DATA PROVIDED section start

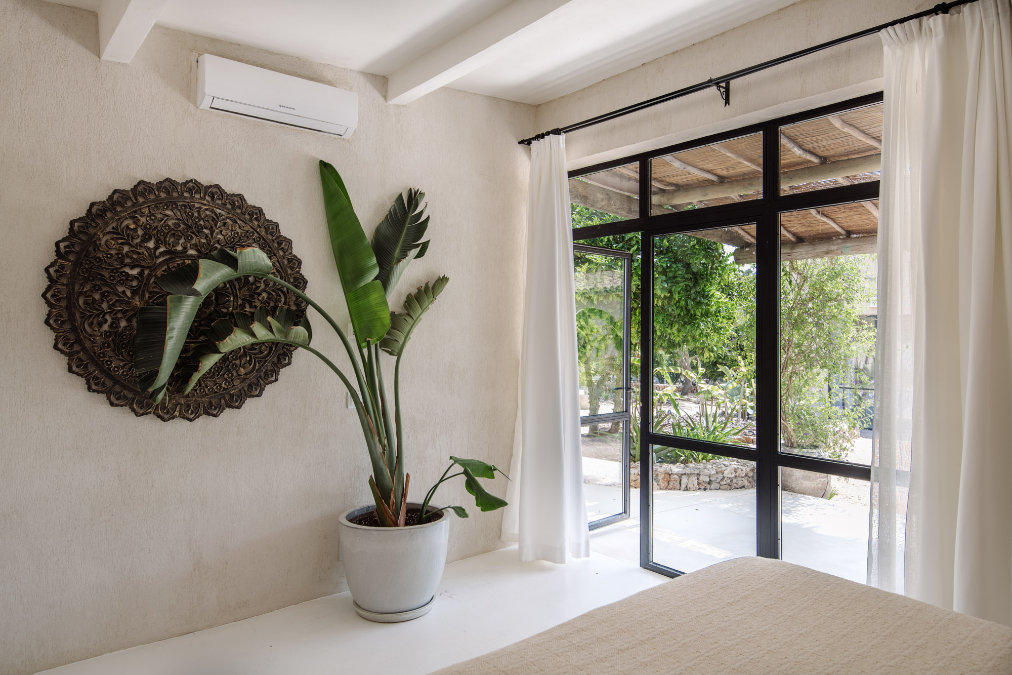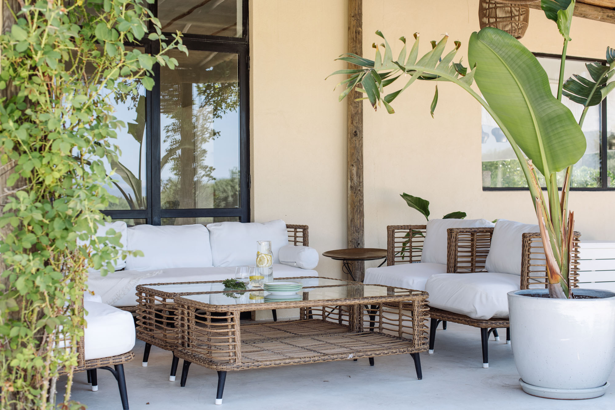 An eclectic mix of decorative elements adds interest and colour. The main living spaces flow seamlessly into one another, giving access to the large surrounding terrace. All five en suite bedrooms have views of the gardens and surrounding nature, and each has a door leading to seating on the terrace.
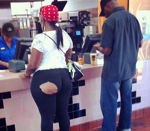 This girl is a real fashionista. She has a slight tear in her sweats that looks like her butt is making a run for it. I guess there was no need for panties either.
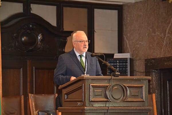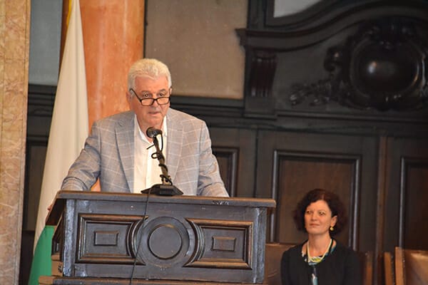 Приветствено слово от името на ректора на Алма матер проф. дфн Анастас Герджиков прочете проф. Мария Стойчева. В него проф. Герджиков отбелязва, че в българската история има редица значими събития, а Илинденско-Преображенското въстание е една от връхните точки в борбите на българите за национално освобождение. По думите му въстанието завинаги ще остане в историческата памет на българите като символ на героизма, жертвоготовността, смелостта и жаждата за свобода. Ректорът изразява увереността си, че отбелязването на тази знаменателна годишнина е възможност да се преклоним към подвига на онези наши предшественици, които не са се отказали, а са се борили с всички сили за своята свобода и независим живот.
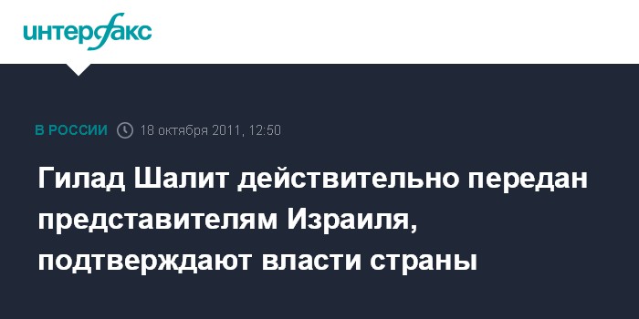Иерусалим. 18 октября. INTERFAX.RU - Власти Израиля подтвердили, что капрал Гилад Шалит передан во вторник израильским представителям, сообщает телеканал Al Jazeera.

DATA PROVIDED section end

= AIM OF THE EXERCISE =
Retype the full listing above precisely. Exclude each picture you find in it.

= FINAL ANSWER =
 An eclectic mix of decorative elements adds interest and colour. The main living spaces flow seamlessly into one another, giving access to the large surrounding terrace. All five en suite bedrooms have views of the gardens and surrounding nature, and each has a door leading to seating on the terrace.
 This girl is a real fashionista. She has a slight tear in her sweats that looks like her butt is making a run for it. I guess there was no need for panties either.
 Приветствено слово от името на ректора на Алма матер проф. дфн Анастас Герджиков прочете проф. Мария Стойчева. В него проф. Герджиков отбелязва, че в българската история има редица значими събития, а Илинденско-Преображенското въстание е една от връхните точки в борбите на българите за национално освобождение. По думите му въстанието завинаги ще остане в историческата памет на българите като символ на героизма, жертвоготовността, смелостта и жаждата за свобода. Ректорът изразява увереността си, че отбелязването на тази знаменателна годишнина е възможност да се преклоним към подвига на онези наши предшественици, които не са се отказали, а са се борили с всички сили за своята свобода и независим живот.
Иерусалим. 18 октября. INTERFAX.RU - Власти Израиля подтвердили, что капрал Гилад Шалит передан во вторник израильским представителям, сообщает телеканал Al Jazeera.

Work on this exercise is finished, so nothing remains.